Restate word for word the lines below from the one that has "在預(yù)防性小鼠模型中,sLNPs-OVA/MPLA" through the one that has "宮川河岸邊上一株株滿開的櫻花,讓宮川清晰的河水點綴一股浪漫的感覺。", keeping both and dropping all pictures.

§ **THE DATA**
▬▬▬▬▬▬

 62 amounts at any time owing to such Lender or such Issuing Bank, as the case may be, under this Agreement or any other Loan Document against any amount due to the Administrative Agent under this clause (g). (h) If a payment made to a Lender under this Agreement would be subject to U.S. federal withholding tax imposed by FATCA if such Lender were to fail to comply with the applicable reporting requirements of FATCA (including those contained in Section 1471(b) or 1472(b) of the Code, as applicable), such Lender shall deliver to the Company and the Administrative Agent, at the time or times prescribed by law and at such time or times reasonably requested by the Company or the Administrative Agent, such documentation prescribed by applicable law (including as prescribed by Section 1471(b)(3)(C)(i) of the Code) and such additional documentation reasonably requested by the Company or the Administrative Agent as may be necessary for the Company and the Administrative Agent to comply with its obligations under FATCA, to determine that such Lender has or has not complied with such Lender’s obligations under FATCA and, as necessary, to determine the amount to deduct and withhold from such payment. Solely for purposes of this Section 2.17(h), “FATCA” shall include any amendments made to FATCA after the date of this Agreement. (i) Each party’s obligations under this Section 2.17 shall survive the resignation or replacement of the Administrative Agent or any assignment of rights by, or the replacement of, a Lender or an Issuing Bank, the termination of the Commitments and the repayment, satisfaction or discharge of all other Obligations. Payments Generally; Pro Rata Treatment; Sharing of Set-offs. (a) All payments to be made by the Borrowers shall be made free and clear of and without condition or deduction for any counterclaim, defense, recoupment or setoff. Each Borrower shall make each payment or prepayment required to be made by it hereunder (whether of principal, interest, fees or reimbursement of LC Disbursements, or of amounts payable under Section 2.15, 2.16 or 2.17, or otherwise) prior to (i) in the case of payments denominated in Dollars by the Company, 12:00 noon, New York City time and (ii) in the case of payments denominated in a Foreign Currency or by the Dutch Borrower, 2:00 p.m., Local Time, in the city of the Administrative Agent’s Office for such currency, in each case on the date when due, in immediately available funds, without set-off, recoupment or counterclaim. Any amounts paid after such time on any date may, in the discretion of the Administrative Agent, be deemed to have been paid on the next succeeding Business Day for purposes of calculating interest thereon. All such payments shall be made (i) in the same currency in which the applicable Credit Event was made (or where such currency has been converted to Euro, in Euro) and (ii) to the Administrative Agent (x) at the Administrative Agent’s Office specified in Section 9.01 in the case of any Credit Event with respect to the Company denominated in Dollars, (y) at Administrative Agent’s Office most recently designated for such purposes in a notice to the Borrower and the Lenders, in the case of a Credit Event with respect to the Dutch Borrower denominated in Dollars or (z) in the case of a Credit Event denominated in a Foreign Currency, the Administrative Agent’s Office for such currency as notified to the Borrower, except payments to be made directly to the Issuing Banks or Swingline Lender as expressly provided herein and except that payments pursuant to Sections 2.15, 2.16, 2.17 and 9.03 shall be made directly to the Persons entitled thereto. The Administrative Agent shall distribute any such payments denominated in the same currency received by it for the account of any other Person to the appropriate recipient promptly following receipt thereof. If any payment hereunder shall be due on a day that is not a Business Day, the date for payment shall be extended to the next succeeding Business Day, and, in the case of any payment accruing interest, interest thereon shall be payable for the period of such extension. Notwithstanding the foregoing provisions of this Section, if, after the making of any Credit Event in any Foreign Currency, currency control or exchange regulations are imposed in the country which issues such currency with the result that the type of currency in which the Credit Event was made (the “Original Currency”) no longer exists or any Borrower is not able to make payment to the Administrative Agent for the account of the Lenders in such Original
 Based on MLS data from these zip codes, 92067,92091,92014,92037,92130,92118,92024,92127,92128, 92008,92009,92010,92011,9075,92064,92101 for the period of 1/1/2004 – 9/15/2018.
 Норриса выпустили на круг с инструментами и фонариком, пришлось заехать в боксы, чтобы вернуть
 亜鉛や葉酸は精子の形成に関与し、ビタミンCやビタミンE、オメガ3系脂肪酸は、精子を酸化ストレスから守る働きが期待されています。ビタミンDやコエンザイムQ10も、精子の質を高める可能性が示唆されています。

▬▬▬▬▬▬

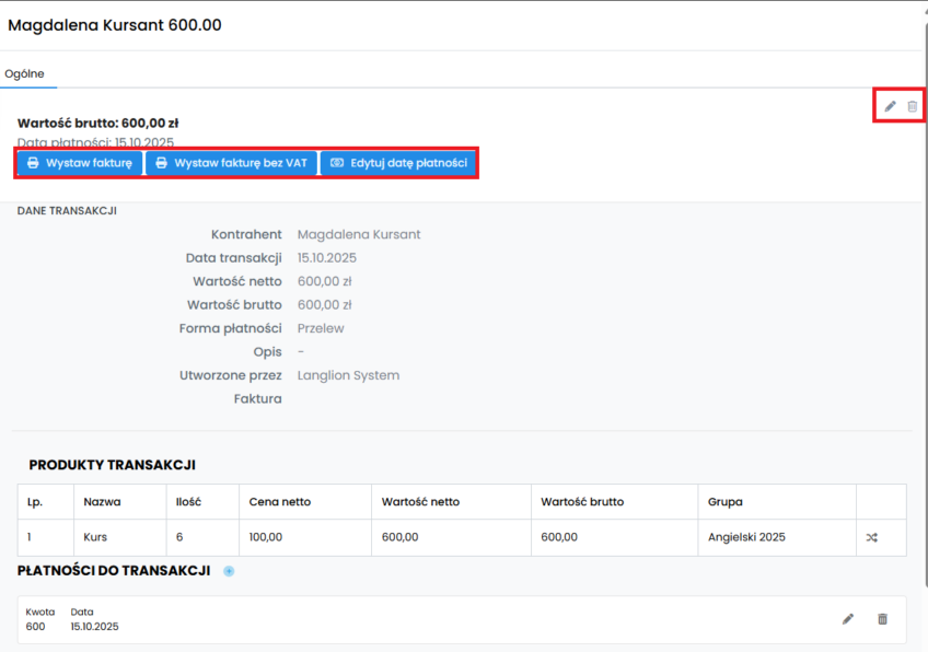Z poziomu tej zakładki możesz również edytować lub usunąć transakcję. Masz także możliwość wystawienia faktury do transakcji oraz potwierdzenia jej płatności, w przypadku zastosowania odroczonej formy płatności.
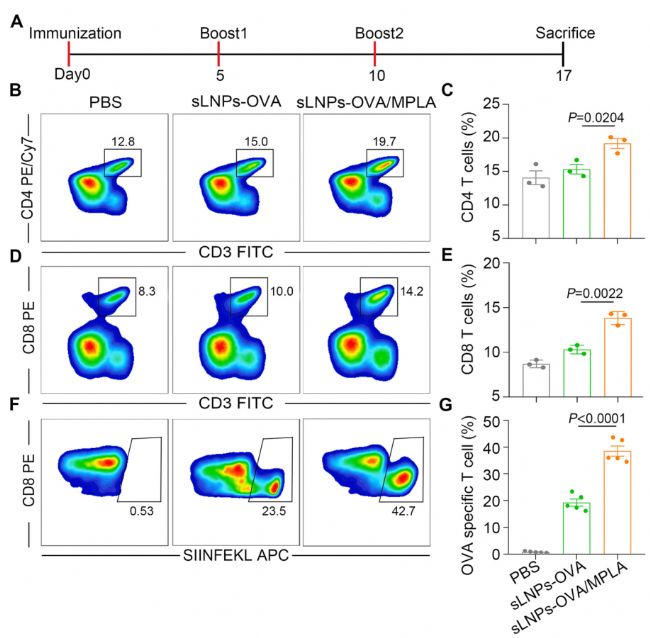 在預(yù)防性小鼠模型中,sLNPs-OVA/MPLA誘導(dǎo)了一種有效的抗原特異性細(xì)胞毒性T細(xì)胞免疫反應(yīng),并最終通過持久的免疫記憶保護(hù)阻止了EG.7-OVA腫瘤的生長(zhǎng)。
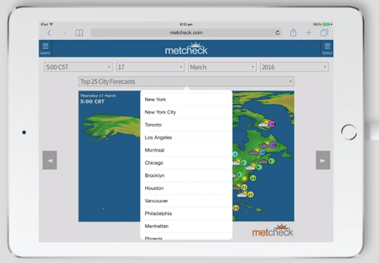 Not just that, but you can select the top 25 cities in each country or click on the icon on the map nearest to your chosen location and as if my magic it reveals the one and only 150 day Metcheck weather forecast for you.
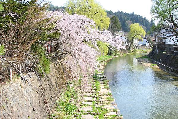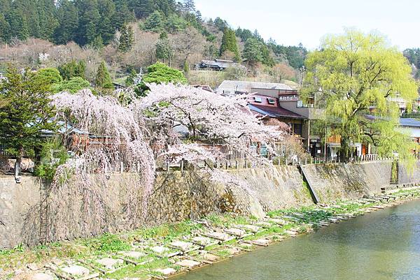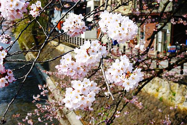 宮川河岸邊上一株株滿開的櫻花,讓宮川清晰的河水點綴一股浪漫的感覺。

▬▬▬▬▬▬

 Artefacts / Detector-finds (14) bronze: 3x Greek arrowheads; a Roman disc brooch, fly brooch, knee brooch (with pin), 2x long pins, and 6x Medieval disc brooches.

▬▬▬▬▬▬

§ **WRITTEN RESPONSE**
 在預(yù)防性小鼠模型中,sLNPs-OVA/MPLA誘導(dǎo)了一種有效的抗原特異性細(xì)胞毒性T細(xì)胞免疫反應(yīng),并最終通過持久的免疫記憶保護(hù)阻止了EG.7-OVA腫瘤的生長(zhǎng)。
 Not just that, but you can select the top 25 cities in each country or click on the icon on the map nearest to your chosen location and as if my magic it reveals the one and only 150 day Metcheck weather forecast for you.
 宮川河岸邊上一株株滿開的櫻花,讓宮川清晰的河水點綴一股浪漫的感覺。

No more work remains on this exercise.